# Refinement and G-Prior

In [1]:
%load_ext autoreload
%autoreload 2

## Imports

In [2]:
import numpy as np
import torch
import copy
import plotly.graph_objects as go
import math

import torch.nn as nn
import torch.nn.functional as F

from torch.distributions.normal import Normal
from torch.nn.utils import parameters_to_vector

from data.uci_datasets import UCIData
from main import set_seed, get_device
from models.nets import create_mlp
from trainer import ModelTrainer, NegativeLogLikelihood

from laplace import Laplace

from backpack import backpack, extend
from backpack.extensions import BatchGrad

In [3]:
from hydra import initialize, compose
from omegaconf import OmegaConf
try:
    initialize(version_base=None, config_path="configuration")
except Exception as e:
    print(e)
config = compose(config_name="uci.yaml")
set_seed(config.seed)

## Refined Laplace

### Helper functions

In [4]:
def flatten_nn(model):
    weights = []
    for name, param in model.named_parameters():
        weights.append(param.detach().flatten())
    return torch.cat(weights, dim=0)

### RefinedLaplace Module

In [5]:
class RefinedLaplace(nn.Module):
    def __init__(self, model, output_dim, posterior_covariance):
        super(RefinedLaplace, self).__init__()
        self.model = model
        self.output_dim = output_dim
        self.weights_map = flatten_nn(self.model)
        self.weights = torch.nn.Parameter(torch.clone(self.weights_map), requires_grad=True)
        self.posterior_covariance = posterior_covariance

    def get_parameters(self):
        return self.weights

    def forward(self, X):
        with torch.no_grad():
            f = self.model(X)
        J = self._jacobian(X) 
        out = torch.einsum("ijk,k->ij", J, (self.weights - self.weights_map)) + f
        return out
    
    def predict(self, X):
        with torch.no_grad():
            f = self.model(X)
        J = self._jacobian(X)
        mean = torch.einsum("ijk,k->ij", J, (self.weights - self.weights_map)) + f
        return mean, self._functional_variance(J)
        
    def _functional_variance(self, Js):
        return torch.einsum('ncp,pq,nkq->nck', Js, self.posterior_covariance, Js)
 

    def _jacobian(self, X):
        """
        Compute the jacobian of the model with respect to the input X
        Args:
            X: input tensor
        Returns:
            J: jacobian of the model with respect to X
        """
        model = copy.deepcopy(self.model)
        model.eval()
        model = extend(model)
        Js = []
        for o in range(self.output_dim):
            f = model(X)
            f_o = f.sum(dim=0)[o]

            with backpack(BatchGrad()):
                f_o.backward()
            Jo = []
            for name, param in model.named_parameters():    
                batch_size = param.grad_batch.size(0)
                Jo.append(param.grad_batch.reshape(batch_size, -1))
            Jo = torch.cat(Jo, dim=1)
            Js.append(Jo)
        return torch.stack(Js, dim=1)


### Trainer for refinement

In [6]:
def log_likelihood(y, mu, std):
    dist = Normal(mu.squeeze(), std.squeeze())
    log_probs = dist.log_prob(y.squeeze())
    return log_probs.squeeze().sum().item()

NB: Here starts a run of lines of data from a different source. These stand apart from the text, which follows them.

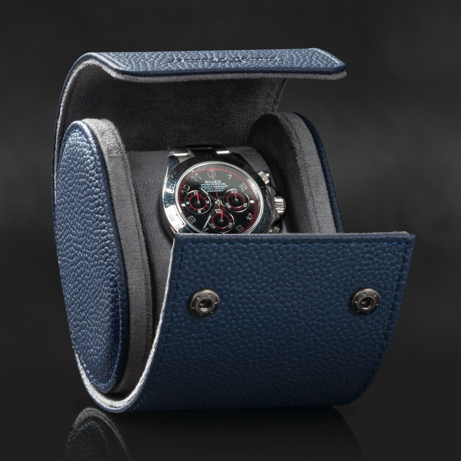 Etui wyposażono w innowacyjny uchwyt poduszkowy, który stabilnie utrzymuje zegarki na miejscu. Elastyczne, miękkie poduszki dopasowują się do kształtu i rozmiaru kopert, zapobiegając ich przesuwaniu się – nawet podczas podróży.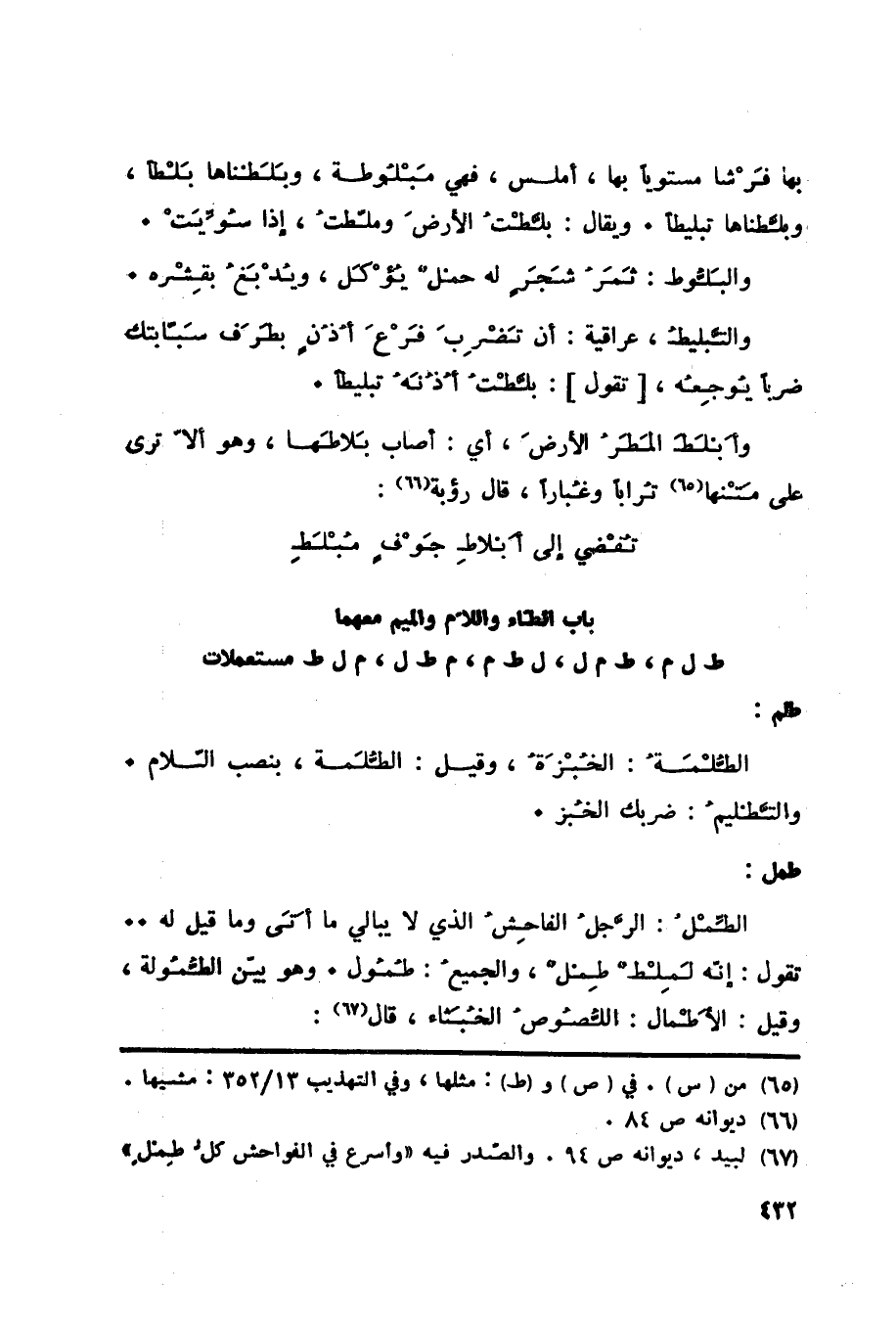 باب الطاء واللام والميم معهما ط ل م، ط م ل، ل ط م، م ط ل، م ل ط مستعملات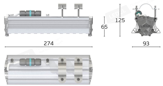 | Габаритные размеры светильника, мм | 274-774х93х140 |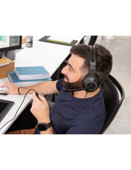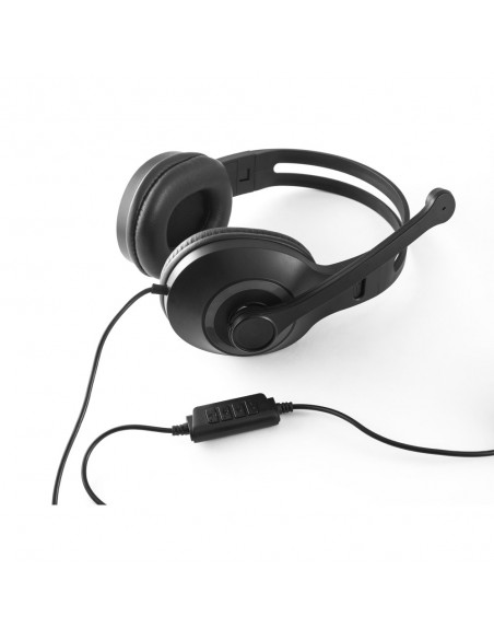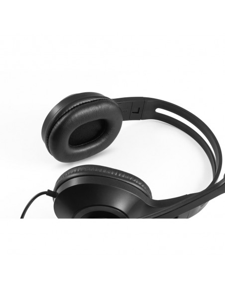 Fone de ouvido dobrável e ajustável em ABS com estrutura almofadada.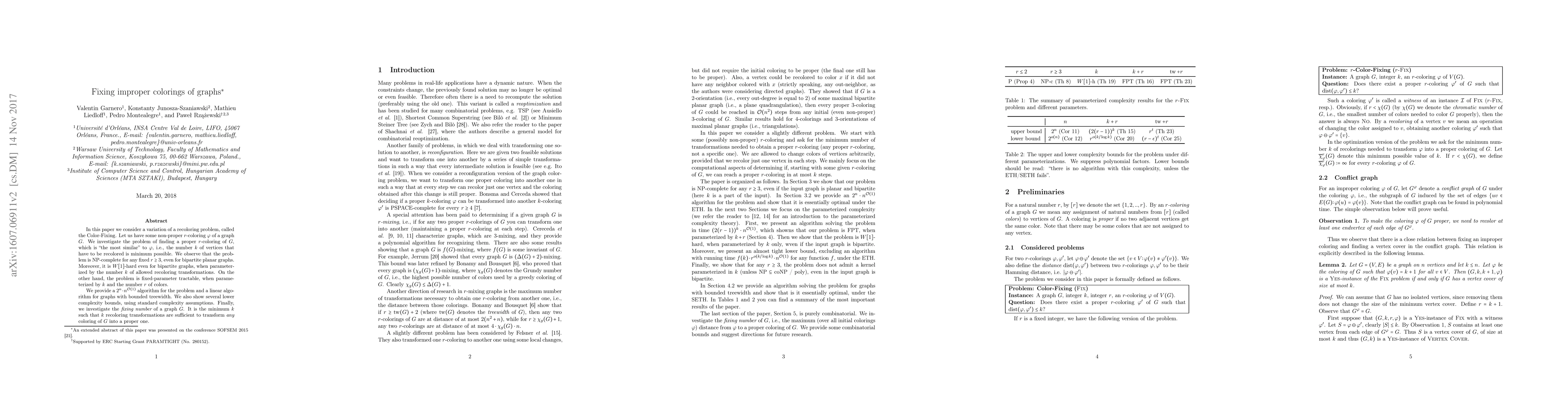 In this paper we consider a variation of a recoloring problem, called the Color-Fixing. Let us have some non-proper $r$-coloring $\varphi$ of a graph $G$. We investigate the problem of finding a proper $r$-coloring of $G$, which is "the most similar" to $\varphi$, i.e. the number $k$ of vertices that have to be recolored is minimum possible. We observe that the problem is NP-complete for any $r \geq 3$, even for bipartite planar graphs. On the other hand, the problem is fixed-parameter tractable, when parameterized by the number of allowed transformations $k$. We provide an $2^n \cdot n^{\mathcal{O}(1)}$ algorithm for the problem (for any fixed $r$) and a linear algorithm for graphs with bounded treewidth. We also show several lower complexity bounds, using standard complexity assumptions. Finally, we investigate the {\em fixing number} of a graph $G$. It is the maximum possible distance (in the number of transformations) between some non-proper coloring of $G$ and a proper one.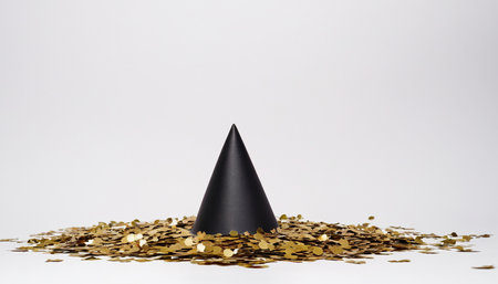 A black conical party hat stands upright in the center of a pile of scattered gold confetti. The confetti is small and circular with a metallic sheen, creating a festive and sparkling texture around the hat. The background is a plain white, isolating the and emphasizing the contrast between the dark hat and the bright confetti.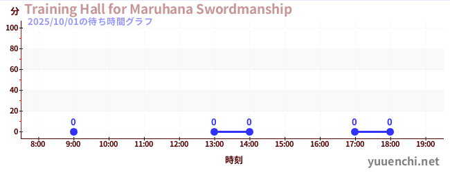 2025/10/01の待ち時間グラフ (Training Hall for Maruhana Swordmanship)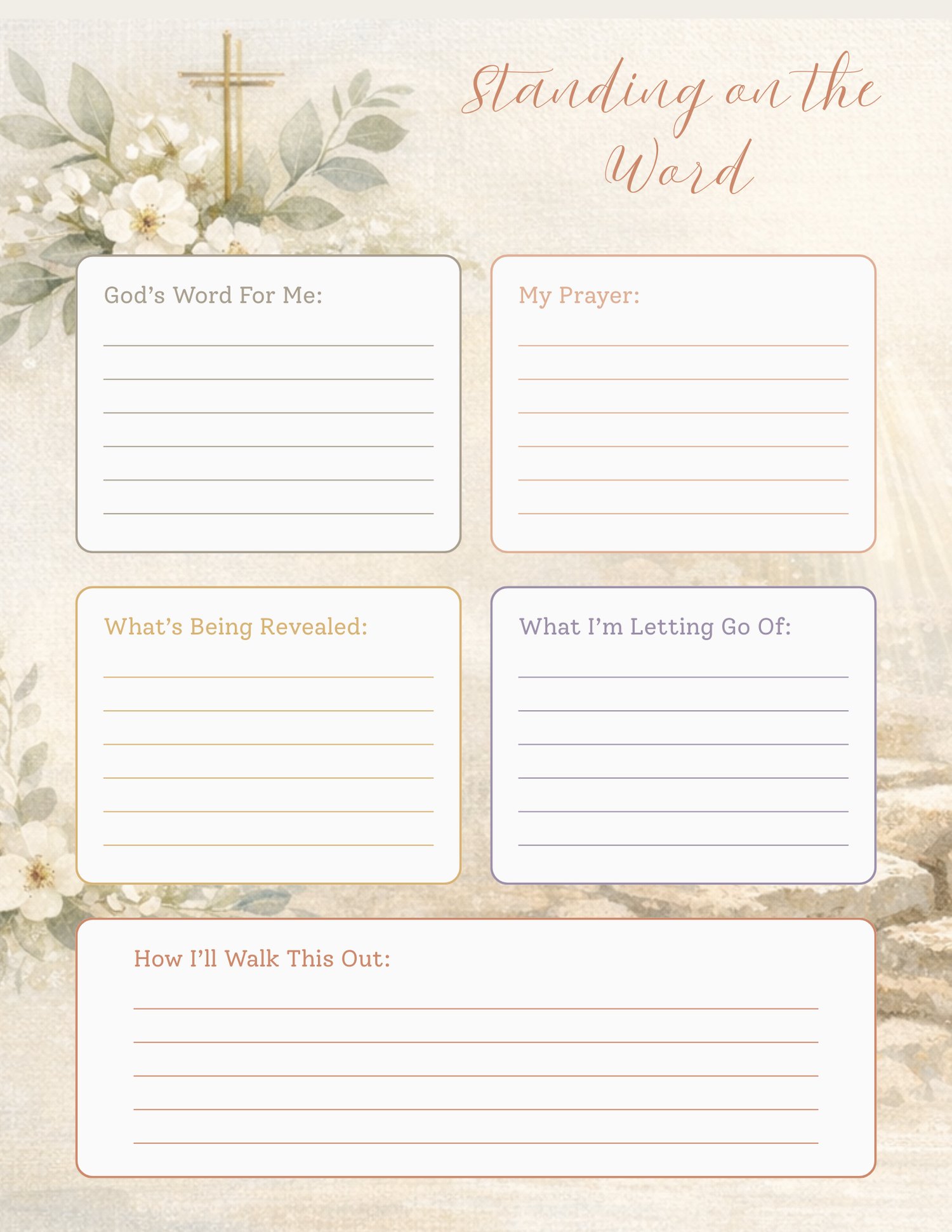 - Faith Insert titled Standing on the Word, designed with lined sections and perfect for front-and-back printing

def evaluate_predictive(model, sigma, dataloader, device):
    ll = 0.0
    count = 0
    for X, y in dataloader:
        X = X.to(device)
        y = y.to(device)
        f_mu, f_var = model.predict(X)
        f_sigma = torch.sqrt(f_var)
        pred_std = torch.sqrt(f_sigma**2 + sigma**2)
        ll += log_likelihood(y, f_mu, pred_std)
        count += X.shape[0]
    return -ll / count

def evaluate(model, sigma, dataloader, device):
    model.eval()
    criteria = NegativeLogLikelihood(sigma=sigma).to(device)
    err = 0.0
    nll = 0.0
    count = 0
    for X, y in dataloader:
        X = X.to(device)
        y = y.to(device)
        batch_size = X.shape[0]
        out = model(X)
        loss = criteria(out, y).mean()
        err += F.mse_loss(out, y, reduction="mean").sqrt().item() * batch_size
        nll += loss.item() * batch_size
        count += batch_size

    nll = nll / count
    err = err / count

    return nll, err

def train(model, sigma, delta, train_dataloader, val_dataloader, epochs, lr, device):
    criteria = NegativeLogLikelihood(sigma=sigma).to(device)
    delta = delta
    theta = model.get_parameters()
    optimizer = torch.optim.Adam(
        [model.get_parameters()], lr=lr
    )

    best_val_nll = math.inf
    best_model = copy.deepcopy(model)
    best_epoch = 0
    for i in range(epochs):
        epoch_err = 0.0
        epoch_nll = 0.0
        count = 0
        model.train()
        for X, y in train_dataloader:
            X = X.to(device)
            y = y.to(device)
            optimizer.zero_grad()
            out = model(X)
            loss = criteria(out, y).sum() + (0.5 * (delta * theta) @ theta) 
            loss.backward()
            optimizer.step()
            batch_size = X.shape[0]
            epoch_err += (
                F.mse_loss(out, y, reduction="mean").sqrt().item() * batch_size
            )
            epoch_nll += loss 
            count += batch_size

        epoch_nll = epoch_nll / count
        epoch_err = epoch_err / count
        val_nll, val_err = evaluate(model, sigma, val_dataloader, device)
        if (i + 1) % 100 == 0:
            print(f"Epoch {i} | Train NLL {epoch_nll} | Val NLL {val_nll} | Train Err {epoch_err} | Val Err {val_err}")
        if val_nll < best_val_nll:
            best_val_nll = val_nll
            best_model = copy.deepcopy(model)
            best_epoch = i
    
    print(f"Best epoch {best_epoch} | Val NLL {best_val_nll}")       
    return best_model

### Train a MAP model

In [7]:
data = UCIData(config.data.path)
meta_data = data.get_metadata()
device = get_device()
train_dataloader, val_dataloader, test_dataloader = data.get_dataloaders(
        dataset=config.data.name,
        batch_size=config.trainer.batch_size,
        seed=config.data.seed,
        val_size=config.data.val_size,
        split_index=config.data.split_index,
        gap=(config.data.split == "GAP"),
    )
trainer = ModelTrainer(config.trainer, device=device)
  

model = create_mlp(
        input_size=meta_data[config.data.name]["input_dim"],
        hidden_sizes=config.model.hidden_sizes,
        output_size=meta_data[config.data.name]["output_dim"],
    )
model = model.to(device=device, dtype=torch.float64)
map_model, sigma = trainer.train(
        model=model,
        train_dataloader=train_dataloader,
        val_dataloader=val_dataloader,
    )
print(f"Sigma: {sigma}")

Sigma: 0.6844667196273804


### Train Full Laplace

In [8]:
prior_precisions = np.logspace(0.1, 1, num=5, base=10).tolist()[:-1]  + np.logspace(1, 2, num=10, base=10).tolist()
model_copy = copy.deepcopy(map_model)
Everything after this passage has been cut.